Abolida a acusação e a publicidade do processo, o Juiz atuava de ofício e em segredo, assentando por escrito os depoimentos das testemunhas. Ainda que estas eram notificadas posteriormente ao réu, e se lhe ocultavam os nomes das testemunhas. (inqusitio significa pesquisa que se realiza por escrito e secretamente, e ao término da qual se dá sentença).

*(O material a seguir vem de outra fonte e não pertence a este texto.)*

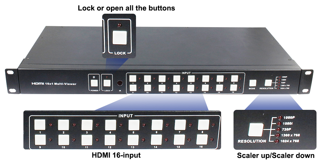 Matryca HDMI 8x8 HDMI z RS232 | Splitter 1x4 HDMI Video Wall CVBS VGA HDMI USB | Przełącznik HDMI 16x1MultiViewer HDS-8161SL |

Desde então, o processo mudou fundamentalmente de fisionomia. O que era um duelo leal e franco entre acusador e acusado. Armados de iguais poderes, torna-se em luta desigual entre Juiz e acusado. O primeiro abandona a posição de árbitro e assume a ativa de inquisidor, atuando desde o primeiro momento também como acusador, é dizer, se confundem as atividades do Juiz e do Acusador, por sua parte, o acusado perde a condição de verdadeiro sujeito processual e se converte em objeto de uma dura persecução.

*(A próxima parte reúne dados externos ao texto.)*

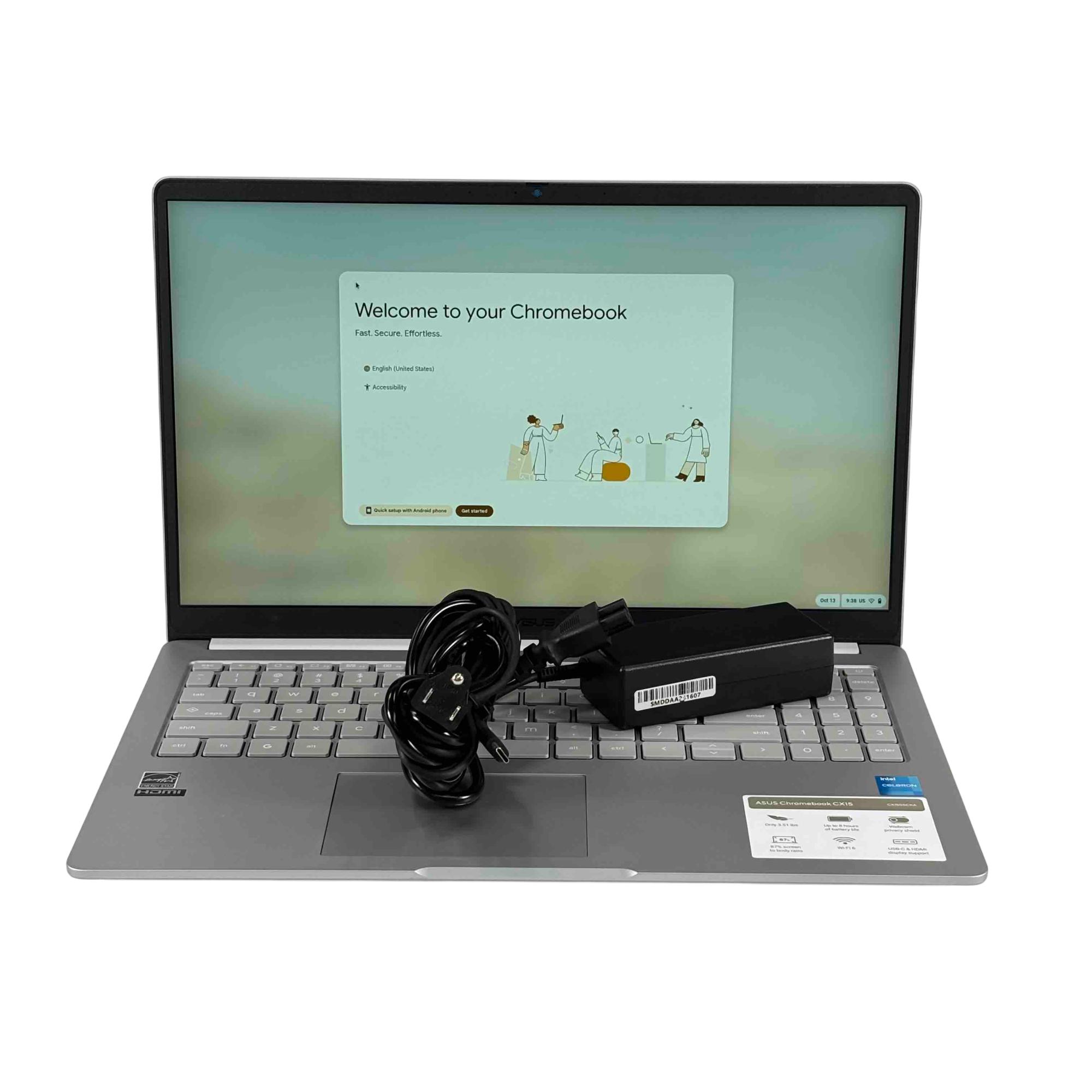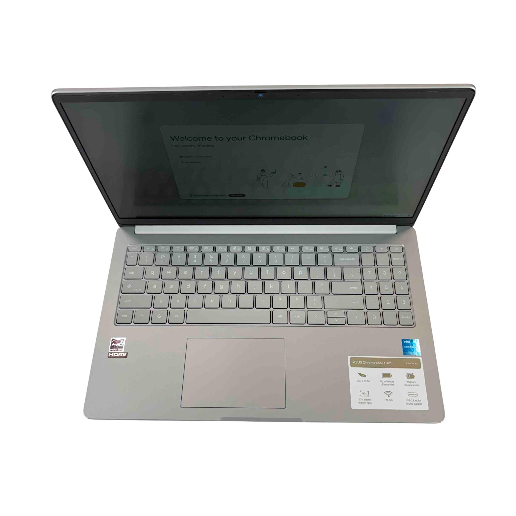 Built for everyday work and play, the ASUS Chromebook CX15 combines style, performance, and sustainability. Powered by an Intel Celeron N4500 processor with 4GB of RAM and 128GB of eMMC storage, it delivers smooth performance for productivity and entertainment. The 15.6" Full HD display with slim bezels offers an expansive viewing experience, while the durable, military-grade chassis ensures long-lasting reliability. Featuring Wi-Fi 6, Bluetooth 5.4, and a full suite of ports including HDMI and USB-C, this Chromebook is fast, secure, and ready for anything.

E então, como "o verdadeiro objetivo da batalha era a consciência do indivíduo", assim como o delito era o seu pecado e a sanção a sua penitência, "sua confissão representava para a inquisição o preço da vitória". Nada podia opor-se à consecução deste fim, que era a defesa dos interesses vulnerados, e justificava todos os meios que então se praticavam: os interrogatórios capciosos, o desamparo, a vigilância do acusado nas prisões, para surpreender suas imprudentes confidências, e finalmente a tortura. Tudo era lícito para arrancar a confissão.
Como conseqüência desta patente de legitimidade, só registrada novamente, a tortura é objeto de especial regulamentação: Deve cessar quando o processado expresse sua vontade de confessar; se confessa durante os tormentos, para que seja válida deve ser confirmada no dia seguinte; e, ainda isto não é necessário se confessava três vezes nessa situação. Naturalmente, a pena do delito era às vezes menos grave do que a tortura.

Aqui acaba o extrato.